Noise Simulation#

RadarSimPy models two distinct noise sources that affect radar signal quality: receiver thermal noise, introduced at the receiver front-end, and transmitter phase noise, arising from oscillator imperfections in the transmitter. Both are described in the sections below.

Receiver Thermal Noise#

RadarSimPy simulates thermal noise at the receiver. This section describes the statistical properties of the generated noise and how it behaves in single-channel and MIMO radar configurations.

Noise Properties#

The receiver noise has the following properties:

  • Gaussian white noise — zero-mean, with standard deviation determined by the receiver noise parameters (noise figure, gains, bandwidth, and load resistance).

  • Independent across frames — each frame receives a fresh, independent noise realization.

  • Independent across Rx channels — different physical Rx channels have statistically independent noise.

  • Deterministic given a seed — when a random seed is provided, the noise is fully reproducible.

Complex vs. Real Baseband#

  • Complex baseband (bb_type="complex"): noise has both real and imaginary components. Each component is an independent Gaussian with standard deviation \(\sigma / \sqrt{2}\), so the total RMS amplitude equals \(\sigma\).

  • Real baseband (bb_type="real"): noise is purely real with standard deviation \(\sigma\).

Same Timestamp, Same Rx → Same Noise#

A key property of the noise simulation is:

Important

If two output samples belong to the same physical Rx channel and correspond to the same timestamp, they receive exactly identical noise values — regardless of how many virtual channels share that combination.

The noise value for each sample is a deterministic function of three identifiers:

  1. Frame index — which frame the sample belongs to.

  2. Physical Rx channel — determined by rx_ch = ch_idx % rx_size.

  3. Absolute sample index — the sample’s position on the discrete time grid (timestamp offset from the minimum, quantized by the sampling rate).

Because the function is deterministic, any two samples with the same (frame_idx, rx_ch, absolute_sample_index) tuple always produce the same noise value. No lookup table or shared buffer is required.

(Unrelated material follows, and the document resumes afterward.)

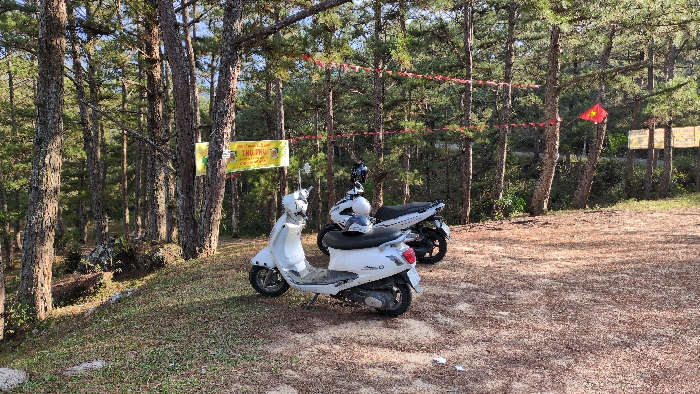 A wide shot depicts a forest clearing or roadside area in Lán Tranh, Vietnam, under natural daylight. Two motor scooters are parked on a dirt and sparse grass surface in the midground. The scooter on the left is white and appears smaller, facing towards the left. The scooter on the right is white and black, larger, and faces towards the right, with a white helmet resting on its seat. The background consists of a dense pine forest with numerous tall, slender tree trunks and green foliage. Horizontally strung between several trees are red ribbons or small red flags. Attached to these ribbons on the right side is a small red flag featuring a yellow star, resembling the national flag of Vietnam. To the left of the Vietnamese flag, a yellow banner with black Vietnamese text, including the phrase "THU THU," is tied between two trees. Further to the right in the background, behind the Vietnamese flag, several rectangular brown signs or plaques are affixed to tree trunks. In the lower left foreground, near the tree line, large rocks covered with green moss or foliage are visible. No individuals are present in the scene.

Noise in MIMO Configurations#

In a MIMO radar with \(M\) Tx and \(N\) Rx channels, the simulator produces \(M \times N\) virtual channels per frame. The virtual channels are ordered as:

ch[0]         = Tx0 → Rx0
ch[1]         = Tx0 → Rx1
...
ch[N-1]       = Tx0 → Rx(N-1)
ch[N]         = Tx1 → Rx0
ch[N+1]       = Tx1 → Rx1
...
ch[M*N - 1]   = Tx(M-1) → Rx(N-1)

Each virtual channel maps to a physical Rx channel via:

\[\text{rx\_ch} = \text{ch\_idx} \mod N\]

Virtual Channel Grouping#

All virtual channels that share the same physical Rx and have the same transmit timing (i.e., identical timestamps) will contain identical noise. For example, with 2 Tx and 2 Rx:

ch[0] = Tx0 → Rx0    ─┐
ch[2] = Tx1 → Rx0    ─┘  Same Rx0, same timing → identical noise

ch[1] = Tx0 → Rx1    ─┐
ch[3] = Tx1 → Rx1    ─┘  Same Rx1, same timing → identical noise

This matches the physical reality: the noise originates at the receiver front-end, so all signal paths through the same Rx channel at the same time experience the same thermal noise.

Note

If the Tx channels have different timing offsets (e.g., TDM-MIMO with staggered pulse timing), each Tx fires at a different time. In that case, even though two virtual channels share the same Rx, they sample the noise at different time indices and thus receive different noise values.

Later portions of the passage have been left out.